Building a better inbox
Given how tough it is to rip and replace email at the protocol level, small wonder many have concentrated instead on fixing the client experience. After all, most of the headaches users experience with email revolve less around the protocols and more around managing email so that it doesn't turn into a job unto itself.
The current plans in this vein go well beyond a more elegant-looking client or one better suited to mobile use. Instead, they use statistical analysis to automatically classify and act on email -- to figure out with as little user intervention as possible which emails can be dumped, which can be circled back to later, and which need to be replied to right now. "The goal of email 2.0," said Dave Bagget, CEO of Inky Mail, "should be to make email clients more like personal assistants than mere tools for sending, receiving, and organizing email."
Google has been hard at work on this approach. Google has carried Gmail's autocategorization system to a further extreme with its new mail product called Inbox. With Inbox, mail is batched together automatically in "bundles," according to certain criteria.

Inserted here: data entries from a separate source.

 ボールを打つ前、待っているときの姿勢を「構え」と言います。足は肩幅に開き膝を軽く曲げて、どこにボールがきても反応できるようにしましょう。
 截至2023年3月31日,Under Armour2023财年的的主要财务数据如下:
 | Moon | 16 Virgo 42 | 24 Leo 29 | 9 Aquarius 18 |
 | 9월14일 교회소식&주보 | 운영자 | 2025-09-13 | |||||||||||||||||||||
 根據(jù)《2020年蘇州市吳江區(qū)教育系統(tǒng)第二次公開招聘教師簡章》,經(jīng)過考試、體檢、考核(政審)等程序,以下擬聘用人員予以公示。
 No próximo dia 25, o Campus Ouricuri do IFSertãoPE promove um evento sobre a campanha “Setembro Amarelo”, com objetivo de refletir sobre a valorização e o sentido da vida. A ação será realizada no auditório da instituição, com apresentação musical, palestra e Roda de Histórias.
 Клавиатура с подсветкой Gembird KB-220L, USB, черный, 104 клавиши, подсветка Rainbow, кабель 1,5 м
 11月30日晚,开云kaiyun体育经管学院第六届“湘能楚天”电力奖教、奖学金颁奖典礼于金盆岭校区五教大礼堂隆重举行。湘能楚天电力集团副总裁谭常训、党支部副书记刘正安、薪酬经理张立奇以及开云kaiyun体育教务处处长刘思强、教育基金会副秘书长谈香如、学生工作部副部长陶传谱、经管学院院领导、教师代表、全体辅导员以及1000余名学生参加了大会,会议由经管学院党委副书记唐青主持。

Emails that Inbox believes are most important, such as updates on product purchases or travel arrangements, are emphasized, as are to-do items and reminders.
IBM, too, has a similar project in the works, one meant to extend on its existing user base for Lotus Notes. Verse ditches Lotus Notes' heavy native client for a lightweight Web-based option, focuses on people and conversations rather than on individual email messages, and uses IBM's Watson machine learning service to help classify messages. What's more, IBM has pitched its early-access program for Verse at users, presumably to see whether it carries over from there into the enterprise.

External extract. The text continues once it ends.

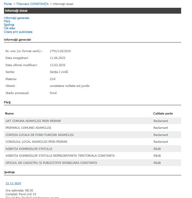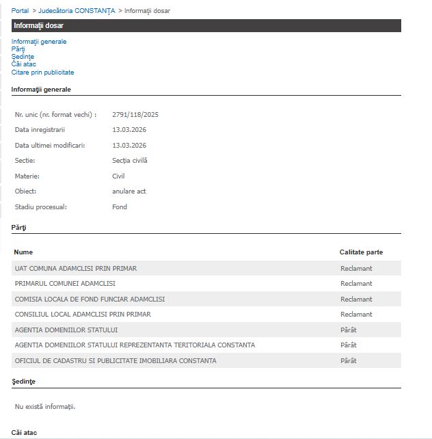 Conflictul juridic dintre autoritățile locale din Adamclisi și Agenția Domeniilor Statului (ADS) a intrat într-o nouă etapă procesuală. Dosarul nr. 2791/118/2025, înregistrat inițial pe rolul Tribunalului Constanța, a fost transferat recent către Judecătoria Constanța, după ce magistrații tribunalului au decis că nu au competența materială de a soluționa cauza.
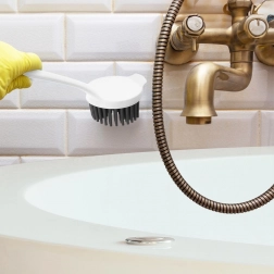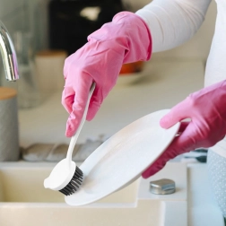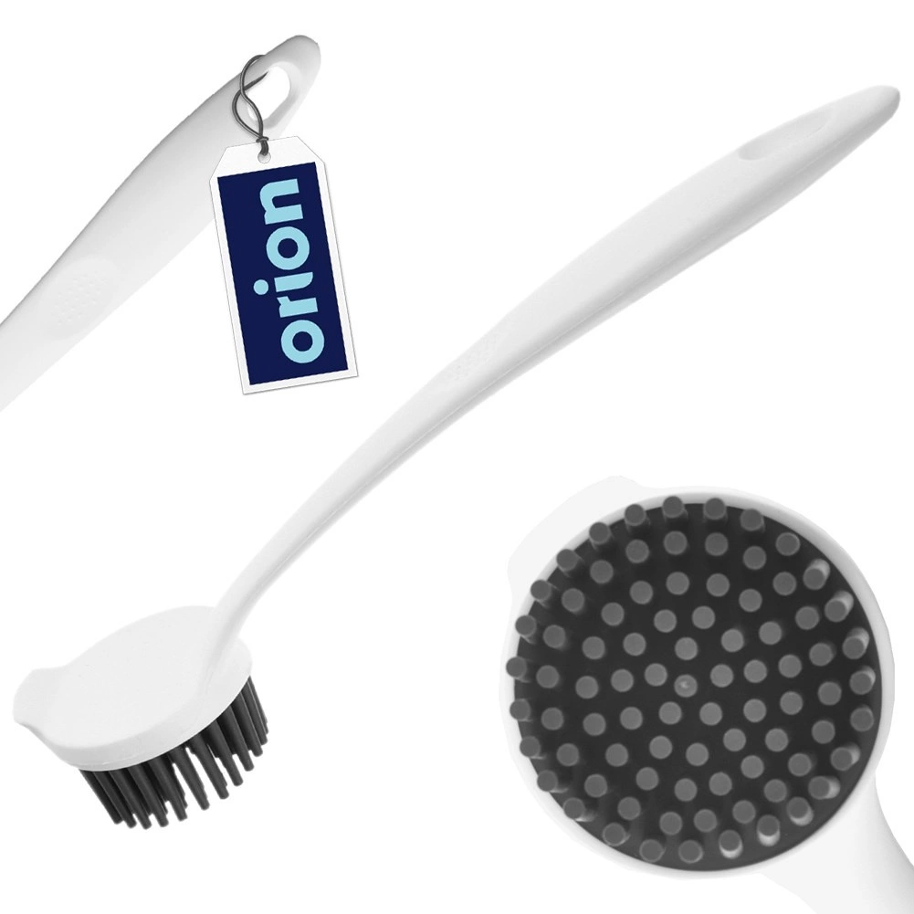 Looking for a hygienic and durable dish brush that can handle ingrained grime? This silicone brush with a long handle effectively cleans plates, pots, pans, and kitchen utensils, and works just as well in the bathroom on grout or the tub. The dense, flexible silicone bristles are easy to maintain, do not absorb odors, and dry quickly.

The problem with algorithm-driven inboxes: They need to be at least as good as -- if not better than -- human-powered curation. They also won't gain much uptake with business users if they don't provide functionality taken for granted in those circles. (As of this writing, Google's Inbox is still missing a few such items, including signatures, shortcuts, and advanced filters.) Any such inbox needs to provide users with a fallback to an uncurated view of their messages, or people will begin to feel like their email isn't really their email anymore.